The High Court agreed with the findings of the trial court and refused to grant leave to appeal against the trial court's order. The High Court observed:

++ In the present case a personal search was also made of the body of the accused. A notice under Section 50 NDPS Act had to be mandatorily issued.

++ The notice under Section 50 mentions the time of occurrence as around "11.30 hrs. today" which was 6th October 2007. In the absence of any indication that it was ‘p.m.' or ‘a.m.' it could well be taken to be ‘a.m'. Even if it was taken to be p.m., it contradicted the case of the prosecution that the accused was apprehended at around 10.30 p.m.

++ The second factor pointed out is that a typed notice could not possibly have been served at the time and place of apprehension of the accused. There was nothing to show that the raiding party took any computer with them from which a typed notice could have been prepared at the spot. These factors indicate that the notice Ex. PW11/B was a document prepared subsequently. There is no satisfactory explanation for the above glaring discrepancies concerning the notice issued to the accused under Section 50 of the NDPS Act.

++ The mere fact that PW9 went along with the raiding party did not mean that he was not required to authorise the officer who in fact effected the seizure. The seizure in the case was effected by PW11 who was required to be specifically authorised to do so. The fact of the matter was that there was no specific authorisation in favour of PW11.
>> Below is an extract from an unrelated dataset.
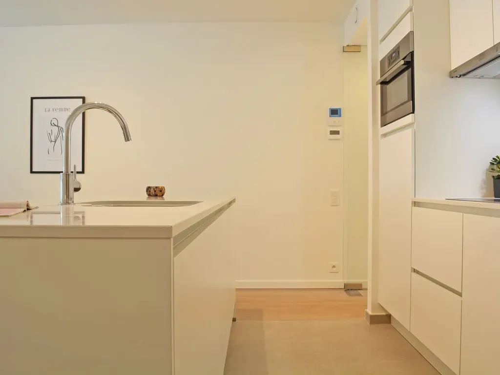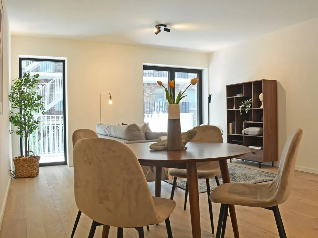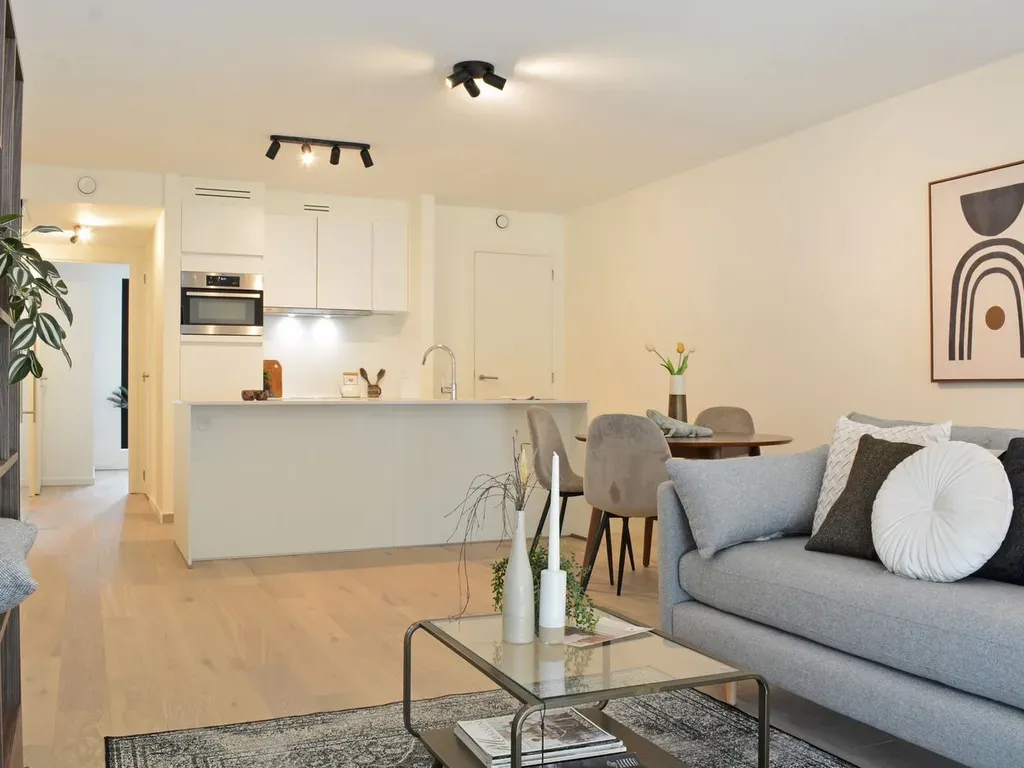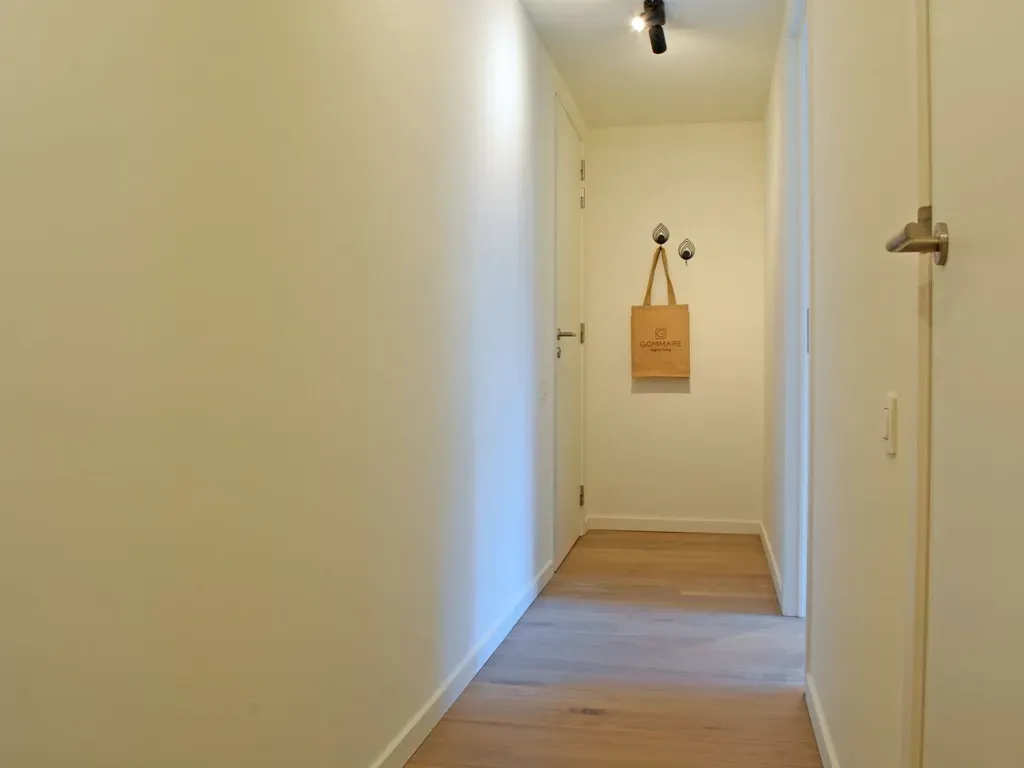 Het appartement heeft volgende indeling: inkom met gastentoilet, lichtrijke leefruimte met open keuken ingericht met duurzame materialen en kwalitatieve toestellen, 2 slaapkamers, badkamer, bergruimte en terras van 11m². Tevens is er ook gelegenheid om ondergronds te parkeren.

++ As regards the summons, although it was dated 6th October 2007, the fact of the matter is that the panchnama proceedings concluded at 10.00 a.m. only on 7th October 2007. The question of accused appearing at 7.00 a.m. on 7th October 2007, therefore, simply did not arise. The finding of the trial court that the said summons could never have been served on the accused on 6th October 2007 and that the said document was possibly prepared subsequently cannot be faulted.